---------- RECORDS SHOWN

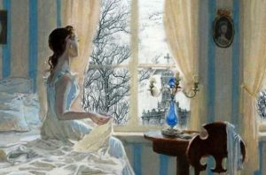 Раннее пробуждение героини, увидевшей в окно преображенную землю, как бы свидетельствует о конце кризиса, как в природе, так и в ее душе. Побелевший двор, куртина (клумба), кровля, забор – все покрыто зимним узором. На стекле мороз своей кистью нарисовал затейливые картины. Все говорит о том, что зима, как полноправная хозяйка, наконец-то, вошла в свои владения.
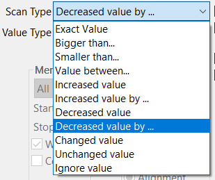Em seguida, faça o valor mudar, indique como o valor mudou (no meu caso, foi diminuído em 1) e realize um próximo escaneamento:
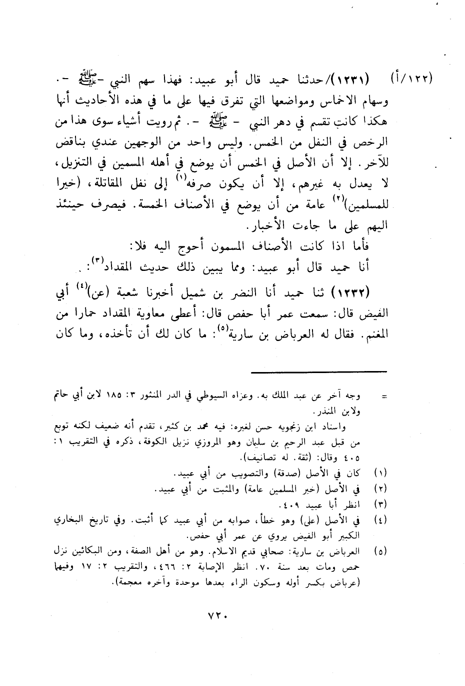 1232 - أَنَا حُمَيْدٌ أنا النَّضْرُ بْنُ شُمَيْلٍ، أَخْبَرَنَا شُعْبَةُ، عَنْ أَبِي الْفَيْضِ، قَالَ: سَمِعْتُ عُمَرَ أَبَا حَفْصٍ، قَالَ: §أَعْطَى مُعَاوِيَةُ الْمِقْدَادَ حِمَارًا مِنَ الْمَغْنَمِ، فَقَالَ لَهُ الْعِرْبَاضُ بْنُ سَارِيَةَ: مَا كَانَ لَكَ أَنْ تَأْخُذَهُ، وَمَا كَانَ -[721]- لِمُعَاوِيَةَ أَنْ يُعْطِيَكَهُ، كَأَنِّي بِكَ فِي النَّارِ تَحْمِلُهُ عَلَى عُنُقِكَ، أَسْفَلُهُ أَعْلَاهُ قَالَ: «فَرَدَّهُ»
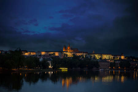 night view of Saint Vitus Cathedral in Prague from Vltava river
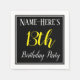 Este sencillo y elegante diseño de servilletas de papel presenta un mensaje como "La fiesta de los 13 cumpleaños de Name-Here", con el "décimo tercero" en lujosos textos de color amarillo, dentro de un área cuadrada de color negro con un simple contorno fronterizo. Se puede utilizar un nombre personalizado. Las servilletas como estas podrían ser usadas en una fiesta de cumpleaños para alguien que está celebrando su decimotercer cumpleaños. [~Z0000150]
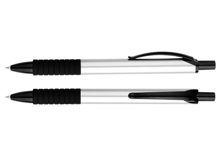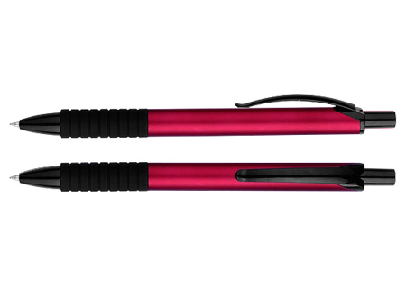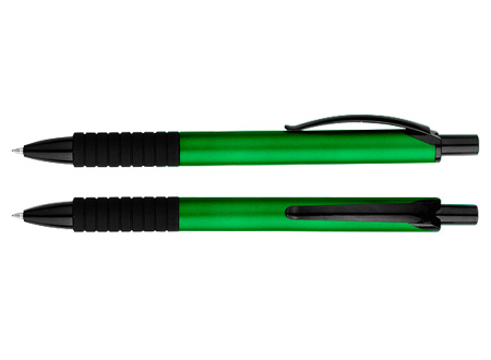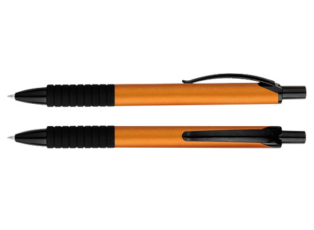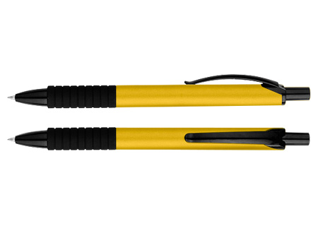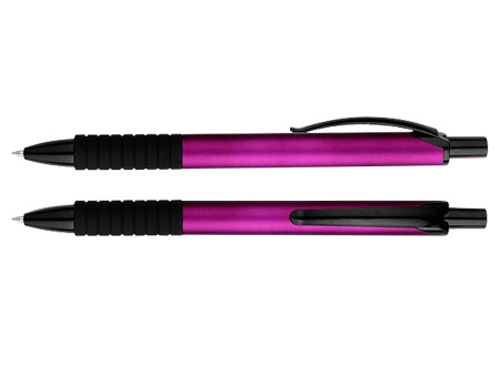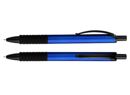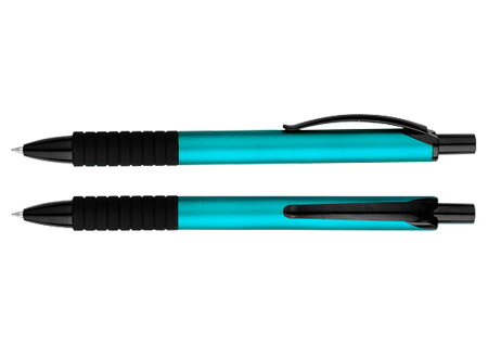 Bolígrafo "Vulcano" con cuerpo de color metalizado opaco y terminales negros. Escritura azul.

--------------------

**ABOUT THIS EXERCISE:** The records shown above are to be repeated exactly, with the pictures left out.

**RESPONSE AREA:**
 Раннее пробуждение героини, увидевшей в окно преображенную землю, как бы свидетельствует о конце кризиса, как в природе, так и в ее душе. Побелевший двор, куртина (клумба), кровля, забор – все покрыто зимним узором. На стекле мороз своей кистью нарисовал затейливые картины. Все говорит о том, что зима, как полноправная хозяйка, наконец-то, вошла в свои владения.
Em seguida, faça o valor mudar, indique como o valor mudou (no meu caso, foi diminuído em 1) e realize um próximo escaneamento:
 1232 - أَنَا حُمَيْدٌ أنا النَّضْرُ بْنُ شُمَيْلٍ، أَخْبَرَنَا شُعْبَةُ، عَنْ أَبِي الْفَيْضِ، قَالَ: سَمِعْتُ عُمَرَ أَبَا حَفْصٍ، قَالَ: §أَعْطَى مُعَاوِيَةُ الْمِقْدَادَ حِمَارًا مِنَ الْمَغْنَمِ، فَقَالَ لَهُ الْعِرْبَاضُ بْنُ سَارِيَةَ: مَا كَانَ لَكَ أَنْ تَأْخُذَهُ، وَمَا كَانَ -[721]- لِمُعَاوِيَةَ أَنْ يُعْطِيَكَهُ، كَأَنِّي بِكَ فِي النَّارِ تَحْمِلُهُ عَلَى عُنُقِكَ، أَسْفَلُهُ أَعْلَاهُ قَالَ: «فَرَدَّهُ»
 night view of Saint Vitus Cathedral in Prague from Vltava river
 Este sencillo y elegante diseño de servilletas de papel presenta un mensaje como "La fiesta de los 13 cumpleaños de Name-Here", con el "décimo tercero" en lujosos textos de color amarillo, dentro de un área cuadrada de color negro con un simple contorno fronterizo. Se puede utilizar un nombre personalizado. Las servilletas como estas podrían ser usadas en una fiesta de cumpleaños para alguien que está celebrando su decimotercer cumpleaños. [~Z0000150]
 Bolígrafo "Vulcano" con cuerpo de color metalizado opaco y terminales negros. Escritura azul.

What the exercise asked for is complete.